• _Work instruction_
Check each line of the entries below for the string "underpass"; copy every line where it appears.

· · · · ·

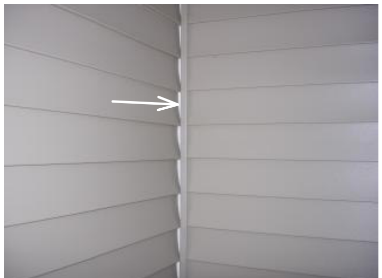
Several areas of the home have this condition
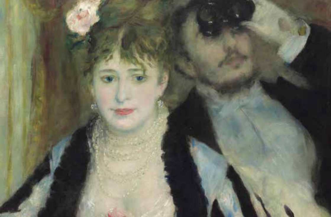
Pierre-Auguste Renoir La Loge
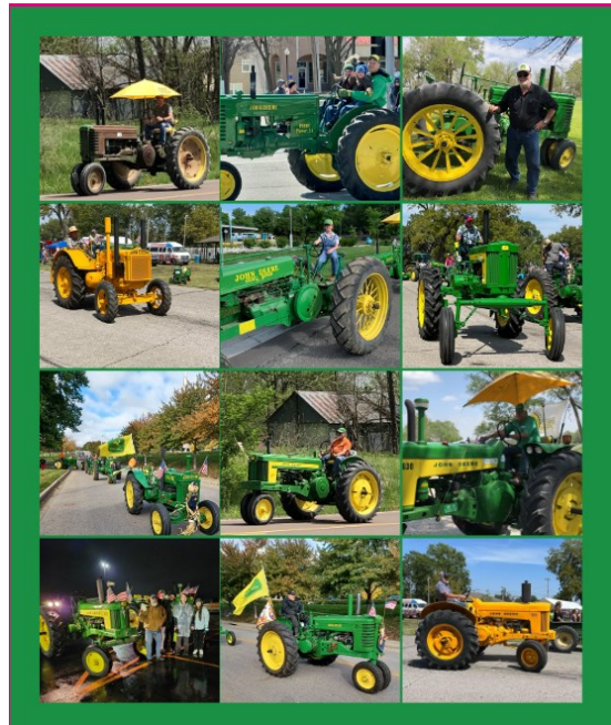
Image is the blanket that will be up for auction at the June meeting.
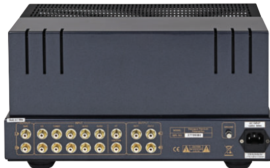
Line inputs through gold plated RCA phono sockets adorn the rear panel of the preamplifier and there are twin outputs.

Nigel Kennedy's Stradivarius had a lovely breadth of character, from resonant body to the rich, dense sound of the strings; this amplifier makes most others sound bleached in comparison. Nigel seemed to fiddle in space, as it were, as a lovely sense of atmosphere pervaded the performance supplied by ambience
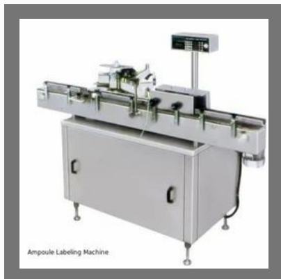
Ampoule Labeling Machine
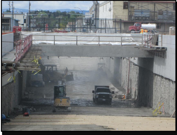
The new North Front Street bridge above the MLK, Jr. Blvd underpass now stands freely. Another bridge, which will carry BNSF train traffic, is also complete.

Anyone driving past the MLK, Jr. Boulevard underpass construction site can help but notice a sure sign that the roughly $10.6 million project is moving forward toward completion. Recently, for the first time since the project began in early 2013, dirt was cleared from beneath two newly-built bridges allowing construction vehicles to travel from one end of the underpass to the other.
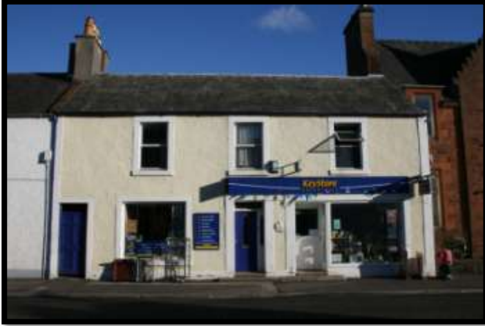
Keystore is now "Gatehouse Store".
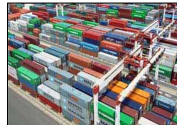
The booming container terminal
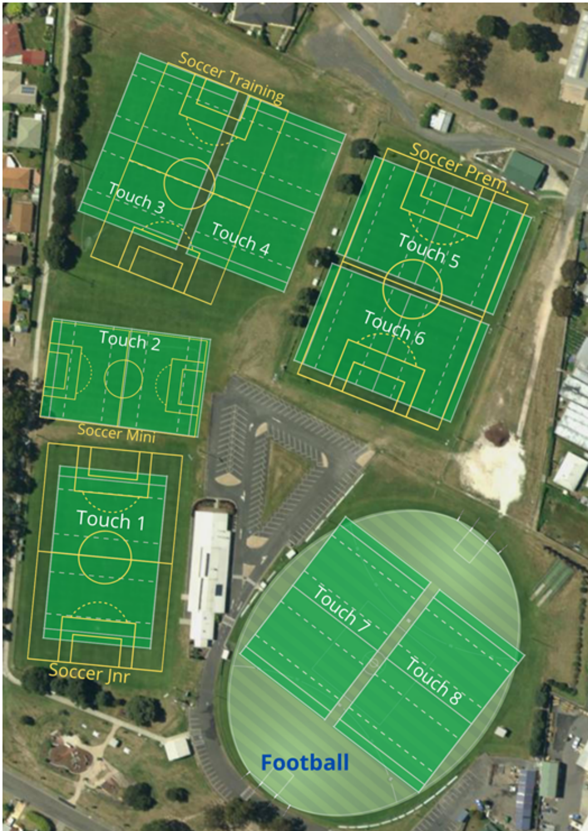
Map 6: Prospect Vale Park, Harley Parade, Prospect Vale – playing surface of sportsgrounds – dogs restricted from entering at all times - proposed.

· · · · ·

• _Exercise result_
The new North Front Street bridge above the MLK, Jr. Blvd underpass now stands freely. Another bridge, which will carry BNSF train traffic, is also complete.
Anyone driving past the MLK, Jr. Boulevard underpass construction site can help but notice a sure sign that the roughly $10.6 million project is moving forward toward completion. Recently, for the first time since the project began in early 2013, dirt was cleared from beneath two newly-built bridges allowing construction vehicles to travel from one end of the underpass to the other.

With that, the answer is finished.